Personal information
- Full name: Louis Ambrose Patrick D'Alpuget
- Born: Feb 1880 Wodonga, Victoria
- Died: 6 July 1957 (aged 76–77) Moore Park, New South Wales, Australia

Playing information
- Position: Halfback, Five-eighth, Centre
Club
| Years | Team | Pld | T | G | FG | P |
| 1908–09 | Eastern Suburbs | 12 | 2 | 0 | 0 | 6 |
| 1911 | Annandale | 5 | 0 | 0 | 0 | 0 |
|  | Total | 17 | 2 | 0 | 0 | 6 |
Representative
| Years | Team | Pld | T | G | FG | P |
| 1907 | New South Wales | 2 | 0 | 0 | 0 | 0 |
| 1908 | Metropolis | 2 | 0 | 0 | 0 | 0 |
- Source: As of 11 March 2019

= Lou D'Alpuget =

Australian rugby league footballer

Louis Ambrose Patrick D'Alpuget (1880–1957) was a pioneer rugby league player in the New South Wales Rugby League (NSWRL) competition who played for the Eastern Suburbs and Annandale clubs. Of French descent, He played for New South Wales in the very first rugby match run by the newly created 'New South Wales Rugby Football League' which had just split away from the established New South Wales Rugby Football Union.

D'Alpuget, a , played rugby league in 1908 - the inaugural season of the sport in Australia. He was a member of Sydney's Eastern Suburbs first team, kicking the first ever goal for the club.

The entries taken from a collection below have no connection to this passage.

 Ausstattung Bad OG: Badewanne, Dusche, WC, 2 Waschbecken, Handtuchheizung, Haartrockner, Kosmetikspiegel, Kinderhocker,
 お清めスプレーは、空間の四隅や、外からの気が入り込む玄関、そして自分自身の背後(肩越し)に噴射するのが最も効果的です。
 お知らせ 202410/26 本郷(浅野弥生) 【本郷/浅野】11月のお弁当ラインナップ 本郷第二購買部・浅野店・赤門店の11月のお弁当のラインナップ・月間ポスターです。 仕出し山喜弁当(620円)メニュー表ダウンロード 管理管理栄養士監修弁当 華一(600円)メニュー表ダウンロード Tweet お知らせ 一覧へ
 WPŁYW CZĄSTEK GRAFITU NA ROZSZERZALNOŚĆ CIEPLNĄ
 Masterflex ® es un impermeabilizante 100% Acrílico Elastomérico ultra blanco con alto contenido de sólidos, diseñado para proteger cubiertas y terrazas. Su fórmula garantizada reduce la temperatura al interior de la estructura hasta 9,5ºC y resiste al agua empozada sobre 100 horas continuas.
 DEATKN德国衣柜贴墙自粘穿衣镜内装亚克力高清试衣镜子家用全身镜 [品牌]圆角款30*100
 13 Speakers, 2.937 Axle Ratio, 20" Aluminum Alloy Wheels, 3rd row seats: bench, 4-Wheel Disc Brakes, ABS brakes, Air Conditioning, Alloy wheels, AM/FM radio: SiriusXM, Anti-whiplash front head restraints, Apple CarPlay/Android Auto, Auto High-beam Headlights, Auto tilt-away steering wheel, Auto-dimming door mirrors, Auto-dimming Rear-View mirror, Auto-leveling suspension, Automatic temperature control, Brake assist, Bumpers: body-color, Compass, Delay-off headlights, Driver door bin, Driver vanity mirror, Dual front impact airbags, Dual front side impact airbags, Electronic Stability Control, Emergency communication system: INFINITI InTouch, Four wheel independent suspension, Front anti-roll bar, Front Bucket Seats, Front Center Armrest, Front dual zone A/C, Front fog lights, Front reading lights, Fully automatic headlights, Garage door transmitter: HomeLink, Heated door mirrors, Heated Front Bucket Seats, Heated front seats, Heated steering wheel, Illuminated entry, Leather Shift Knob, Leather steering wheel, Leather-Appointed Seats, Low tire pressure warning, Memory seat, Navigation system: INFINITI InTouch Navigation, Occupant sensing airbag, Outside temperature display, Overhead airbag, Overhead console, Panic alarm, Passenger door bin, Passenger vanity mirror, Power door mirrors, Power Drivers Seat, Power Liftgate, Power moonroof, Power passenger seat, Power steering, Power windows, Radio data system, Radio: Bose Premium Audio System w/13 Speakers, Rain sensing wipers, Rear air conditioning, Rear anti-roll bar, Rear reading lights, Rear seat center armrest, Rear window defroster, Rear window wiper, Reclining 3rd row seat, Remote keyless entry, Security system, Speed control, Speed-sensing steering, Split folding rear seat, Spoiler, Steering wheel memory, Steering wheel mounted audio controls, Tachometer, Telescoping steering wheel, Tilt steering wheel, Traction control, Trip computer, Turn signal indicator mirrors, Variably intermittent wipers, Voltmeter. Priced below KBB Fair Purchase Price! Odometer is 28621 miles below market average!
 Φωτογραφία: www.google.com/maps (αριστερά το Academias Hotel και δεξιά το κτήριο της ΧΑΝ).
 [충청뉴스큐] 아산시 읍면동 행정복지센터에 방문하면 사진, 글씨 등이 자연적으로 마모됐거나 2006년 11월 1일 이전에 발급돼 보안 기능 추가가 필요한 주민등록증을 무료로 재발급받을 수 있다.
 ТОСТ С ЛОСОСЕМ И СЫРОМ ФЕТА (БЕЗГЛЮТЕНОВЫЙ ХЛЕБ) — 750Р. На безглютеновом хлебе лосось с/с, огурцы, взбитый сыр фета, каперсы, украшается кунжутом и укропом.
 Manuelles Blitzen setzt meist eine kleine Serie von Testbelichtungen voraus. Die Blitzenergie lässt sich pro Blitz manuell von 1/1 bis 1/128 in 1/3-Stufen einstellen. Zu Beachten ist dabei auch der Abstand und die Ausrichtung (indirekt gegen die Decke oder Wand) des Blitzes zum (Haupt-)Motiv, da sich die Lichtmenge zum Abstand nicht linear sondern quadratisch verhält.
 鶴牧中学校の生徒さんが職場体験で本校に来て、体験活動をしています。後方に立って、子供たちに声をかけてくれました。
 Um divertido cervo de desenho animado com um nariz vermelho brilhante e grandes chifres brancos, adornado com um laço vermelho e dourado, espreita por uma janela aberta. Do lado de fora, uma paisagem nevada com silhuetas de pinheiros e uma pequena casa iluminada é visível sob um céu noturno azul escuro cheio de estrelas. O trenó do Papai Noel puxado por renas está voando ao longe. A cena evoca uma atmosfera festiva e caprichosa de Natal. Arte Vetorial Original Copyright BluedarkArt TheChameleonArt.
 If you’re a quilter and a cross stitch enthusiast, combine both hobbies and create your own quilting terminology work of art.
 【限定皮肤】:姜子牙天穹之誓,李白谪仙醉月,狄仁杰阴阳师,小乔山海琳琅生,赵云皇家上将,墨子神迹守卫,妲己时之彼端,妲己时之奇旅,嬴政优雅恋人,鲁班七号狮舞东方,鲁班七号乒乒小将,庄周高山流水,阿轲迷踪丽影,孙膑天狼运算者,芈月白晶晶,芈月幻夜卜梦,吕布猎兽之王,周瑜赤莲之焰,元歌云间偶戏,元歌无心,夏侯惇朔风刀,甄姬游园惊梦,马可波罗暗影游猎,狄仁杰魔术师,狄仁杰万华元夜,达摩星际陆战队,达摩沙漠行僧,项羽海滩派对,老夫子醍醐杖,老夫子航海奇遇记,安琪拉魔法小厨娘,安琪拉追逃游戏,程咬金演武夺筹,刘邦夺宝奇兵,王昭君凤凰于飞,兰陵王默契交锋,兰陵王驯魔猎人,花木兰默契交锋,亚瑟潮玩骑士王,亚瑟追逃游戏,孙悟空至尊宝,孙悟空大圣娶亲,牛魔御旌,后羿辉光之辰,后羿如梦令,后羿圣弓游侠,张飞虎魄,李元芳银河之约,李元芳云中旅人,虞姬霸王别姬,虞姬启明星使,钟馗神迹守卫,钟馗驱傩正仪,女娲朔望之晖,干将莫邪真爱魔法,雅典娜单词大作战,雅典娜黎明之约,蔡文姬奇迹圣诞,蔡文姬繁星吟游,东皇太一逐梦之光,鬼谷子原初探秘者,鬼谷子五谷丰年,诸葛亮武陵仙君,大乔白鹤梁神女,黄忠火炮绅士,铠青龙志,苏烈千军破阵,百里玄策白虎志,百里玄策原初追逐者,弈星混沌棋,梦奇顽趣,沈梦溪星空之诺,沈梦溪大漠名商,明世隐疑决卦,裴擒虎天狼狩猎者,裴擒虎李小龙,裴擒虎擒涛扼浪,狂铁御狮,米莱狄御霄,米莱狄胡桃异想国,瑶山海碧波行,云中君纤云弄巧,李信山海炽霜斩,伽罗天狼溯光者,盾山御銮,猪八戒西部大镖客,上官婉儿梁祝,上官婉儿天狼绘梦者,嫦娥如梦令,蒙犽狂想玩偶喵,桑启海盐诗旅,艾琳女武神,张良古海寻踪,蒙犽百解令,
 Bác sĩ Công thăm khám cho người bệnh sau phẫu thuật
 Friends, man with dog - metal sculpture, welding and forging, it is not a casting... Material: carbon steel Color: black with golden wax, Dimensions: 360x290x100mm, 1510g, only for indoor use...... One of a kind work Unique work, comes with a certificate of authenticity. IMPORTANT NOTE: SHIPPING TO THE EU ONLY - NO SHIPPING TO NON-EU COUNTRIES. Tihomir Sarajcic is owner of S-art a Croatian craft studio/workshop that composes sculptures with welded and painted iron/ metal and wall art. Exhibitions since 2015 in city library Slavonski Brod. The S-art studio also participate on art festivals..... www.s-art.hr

D'Alpuget was a member of the Eastern Suburbs side that was defeated by South Sydney in the NSWRL's first premiership final. D'Alpugent had just one season with the Eastern Suburbs club before joining the now defunct Annandale club. D'Alpuget's only representative match came in 1908 when he was selected for Sydney against a touring New Zealand Maori side.

A former rugby union player, D'Alpuget was a member of the rebel sides that played against the New Zealand 'All Golds' in the series that helped to establish rugby league in Australia. He was awarded Life Membership of the New South Wales Rugby League in 1914.

D'Alpuget was also a founding member of Bondi Surf Club.

He is remembered as the Sydney Roosters 4th ever player.

Lou d'Alpuget was the grandfather of noted author Blanche d'Alpuget.

==Death==

Lou D'Alpuget died at the Sydney Sports Ground while watching Souths v Norths on 6 July 1957. A well attended funeral took place at Rookwood Cemetery on 9 Jul 1957, mourners included Dally Messenger, Webby Neill and Harold Mathews.